Wim van der Gaag (born 14 July 1936 in Rotterdam) is a retired professional association football player in the Netherlands and in Australia, known for his frequent change of teams. Van der Gaag's position was forward. Later, he became a manager of amateur clubs and a football reporter for various radio stations.

Football career

Player 
Wim van der Gaag played in his youth in the now-defunct RFC Rotterdam.

In 1954 he turned professional in the short-lived NBVB league, scoring the second goal of BVC Rotterdam on 7 November 1954, in a game that ended in a 2–3 loss against BVC Den Haag.
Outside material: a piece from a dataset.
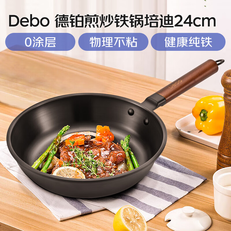 厨具  > 烹饪锅具  > 平底锅/煎锅  >  Debo  >  Debo德铂煎锅无涂层锈不了煎炒铁锅培迪24cm DEP-DS178/个
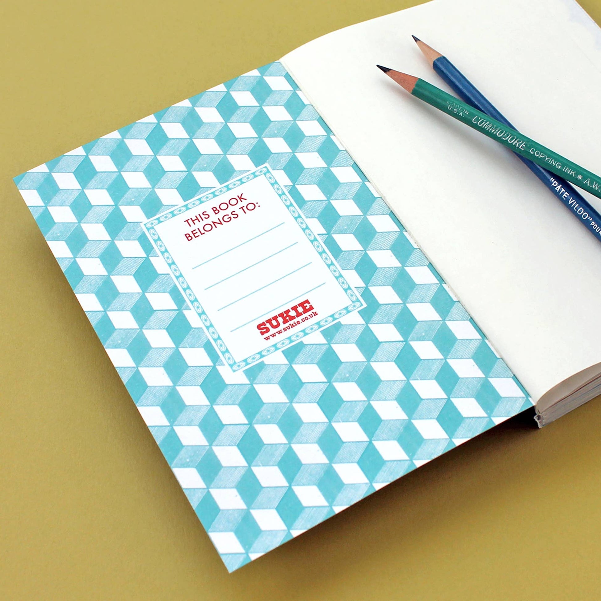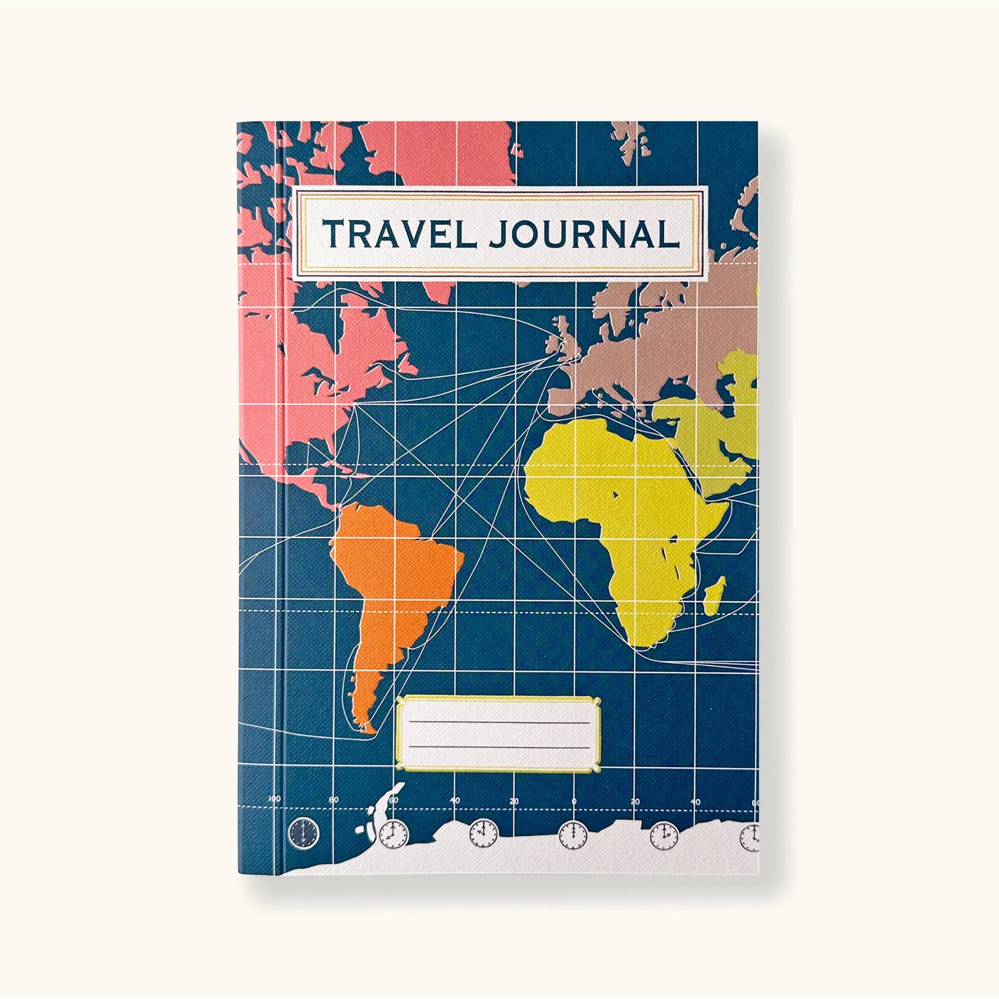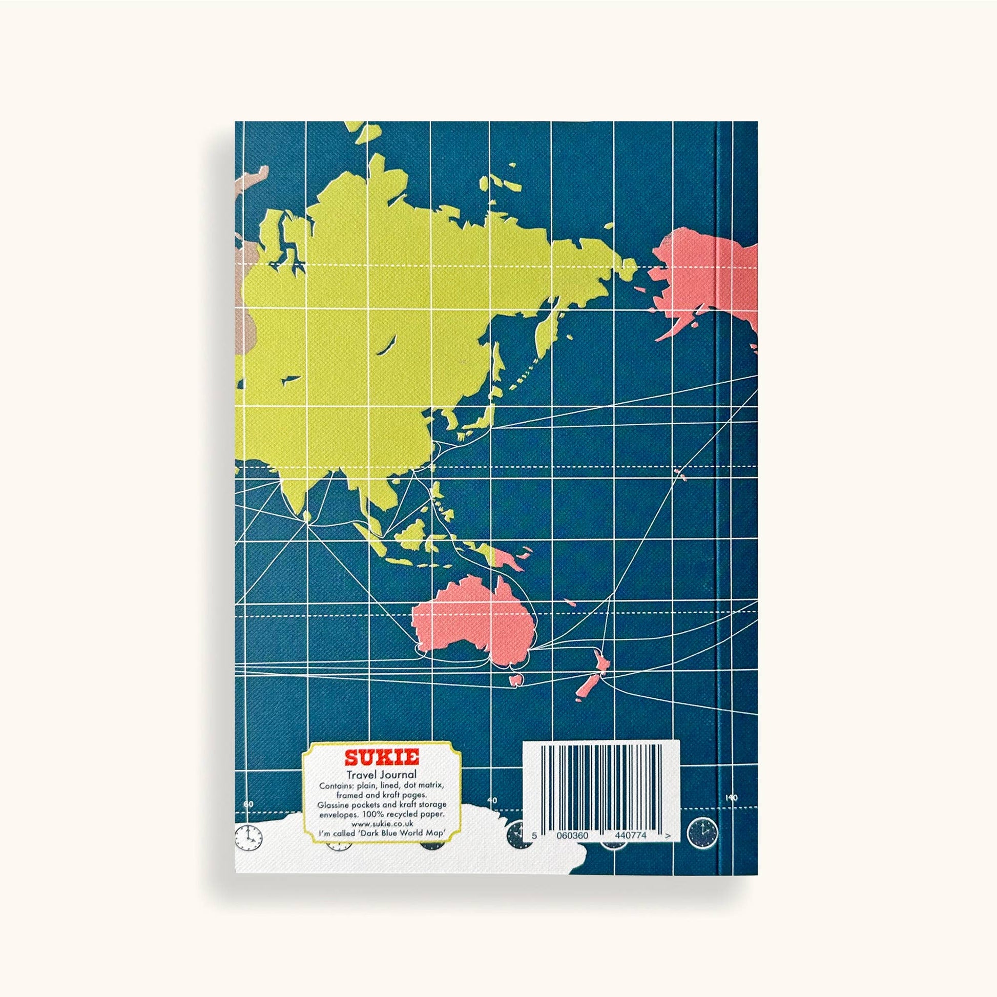 Travel Journals with a World map cover in a dark blue, image taken from one of Sukie's original lino cut prints. Book contains an assortment of lined, plain, dot, craft and framed papers as well as glassine pockets and manila envelopes. With thick smooth papers and a subtly textured card cover.

In 1954–55 Van der Gaag played for SBV Vitesse, scoring 2 goals that season. In 1955–56, at SC Emma, he was the top scorer with Janus van der Gijp, both scoring 7 goals. In 1957?–59?, Van der Gaag played at BVV in the Eredivisie. Late August 1959, Van der Gaag scored the first two goals in the BVV 0–4 victory over SBV Excelsior.

He continued to the Australian sides Sydney Austral, Sydney FC Prague, Pan Hellenic Sydney, South Coast United (1961–62), and Ringwood Wilhelmina.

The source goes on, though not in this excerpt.